Jeju’s visitors leave behind mountains of trash
According to the local government, the amount of garbage on beaches alone increased 30 percent from 9,600 tons in 2012 to 14,000 tons last year.
Standing at the edge of a rock on a beach in eastern Jeju City, environmental activist Kim Jung-do took a deep sigh looking at the plastic bottles and other waste.
“We can fill about 40 to 50 large trash bags with the waste from a 100-meter [328-foot] radius,” said Kim, a member of the Korean Federation for Environmental Movements.
Kim recommends the local government impose taxes on disposable items to reduce the amount of trash on the island.

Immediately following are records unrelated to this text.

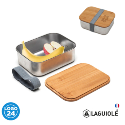 Contenedor de alimentos en acero. Posee tapa de bamboo y elástico para su correcto cierre. Dimensiones: 18 x 14 x 7 cm. Producto libre de BPA. Laguiole. Incluye GiftBox confeccionada en cartulina Kraft ¡personalizala con un mensaje especial!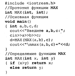 Виявляється, зовсім не обов'язково було в попередньому прикладі поміщати повне визначення функції МАХ() перед основною частиною програми. Ось інший варіант програми, що вирішує ту ж саму задачу.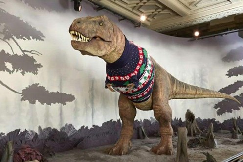 Au musée de Londres, le T-Rex a mis son plus beau pull de Noël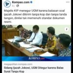 UGM SEMBUNYIKAN BUKTI PENYERAHAN ARSIP IJAZAH JOKOWI KE POLDA IJAZAH JOKOWI|Selasa, 18 November, 2025oleh Admin Pada sidang Komisi Informasi Pusat (KIP) terkait kelengkapan berkas Jokowi di sidang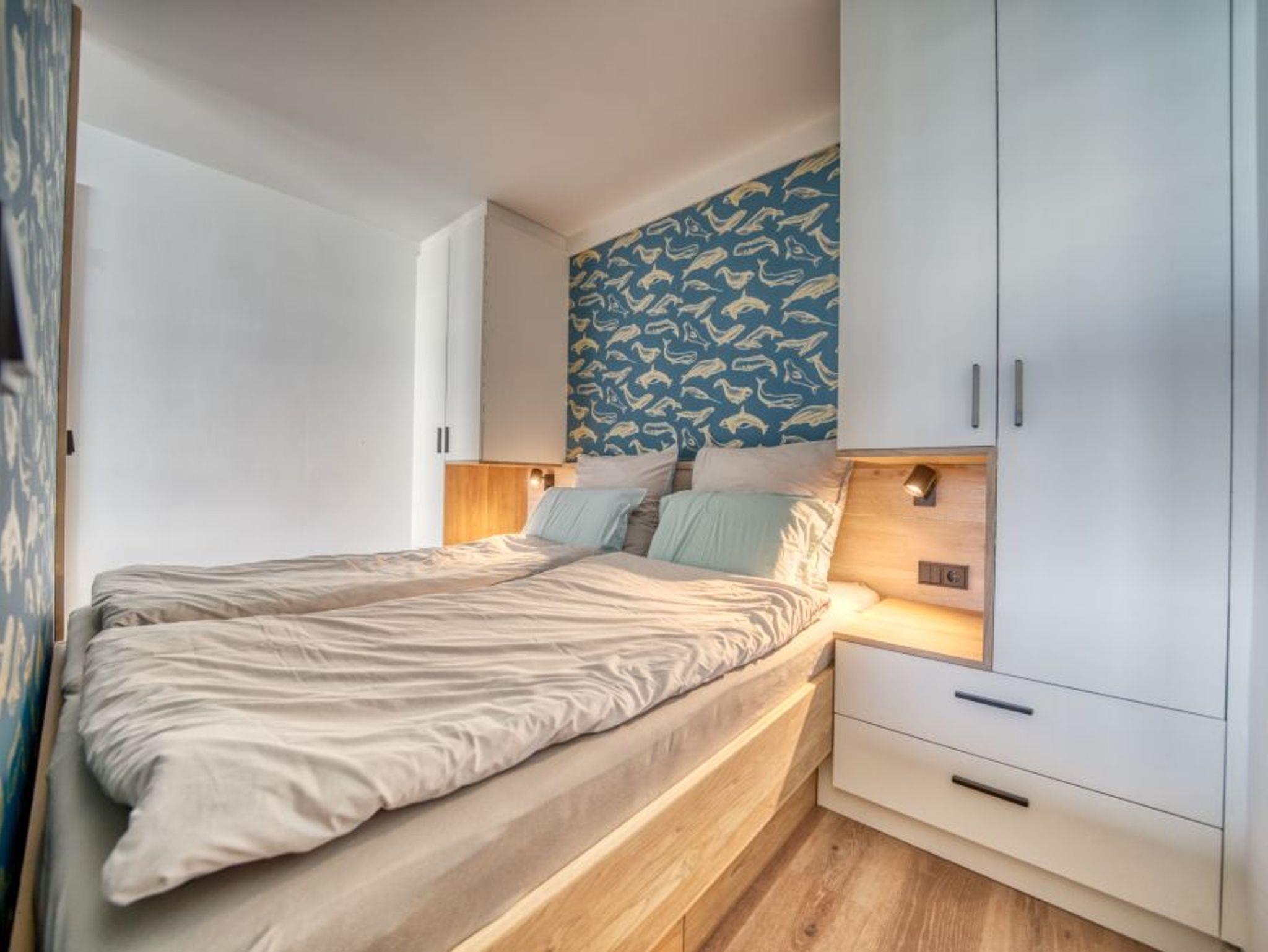 Wohn-/Schlafbereich mit komfortablem Doppelbett, durch eine Trennwand optisch vom Wohnraum getrennt

Waste collected at beaches cannot be recycled due to its exposure to salt. And the beaches aren’t the only places with too much trash.
Daily waste on the island has almost doubled in the last few years from 764 tons a day in 2011 to 1,332 tons last year, according to a study by the local government.
The amount of trash sent to local incineration plants also rose from 198 tons a day in 2011 to 319 tons last year. An incineration plant can handle 200 tons a day.
Since 2015, Jeju Island has been compressing paper and polyethylene terephthalate, or PET, which is used to make plastic bottles, to send it to solid-recovered fuel (SRF) sites.
But these efforts can’t keep up with the trash. At one landfill in Hoecheon-dong, Jeju City, there are some 50,000 bags of compressed plastic and paper that weigh one ton each, creating a mountain of trash.
“There aren’t many places that take in compressed trash rejected by SRF sites for its low quality,” said Lim Yong-gu, an employee at Jeju’s environmental management office.
Local government points to the skyrocketing population and waves of tourists as the sources of the problem.
According to a population census carried out by authorities, since 2009, the number of residents in Jeju increased by 10,000 persons a year, to 683,000 people last year.
With budget airlines flying to Jeju, such as Jeju Air and Eastar Jet, the number of tourists increased by about three times from 5.8 million in 2008 to 14.8 million last year.
But tourists aren’t the only ones to blame, as Jeju residents throw out 1.92 kilograms (4.23 pounds) of trash per person - twice the national average.
The waste piling up in Jeju has also caught international attention as the U.K.-based BBC News selected the island as one of five places “tackling too many visitors,” in an article released last month.
“Though the increasing number of tourists is also a problem, the bigger problem is the rate at which that number is rising,” said Kang Seong-il, professor of tourism at Jeju National University. “We’re seeing a sudden rise in the number of tourists when we’re not ready to have that many people.”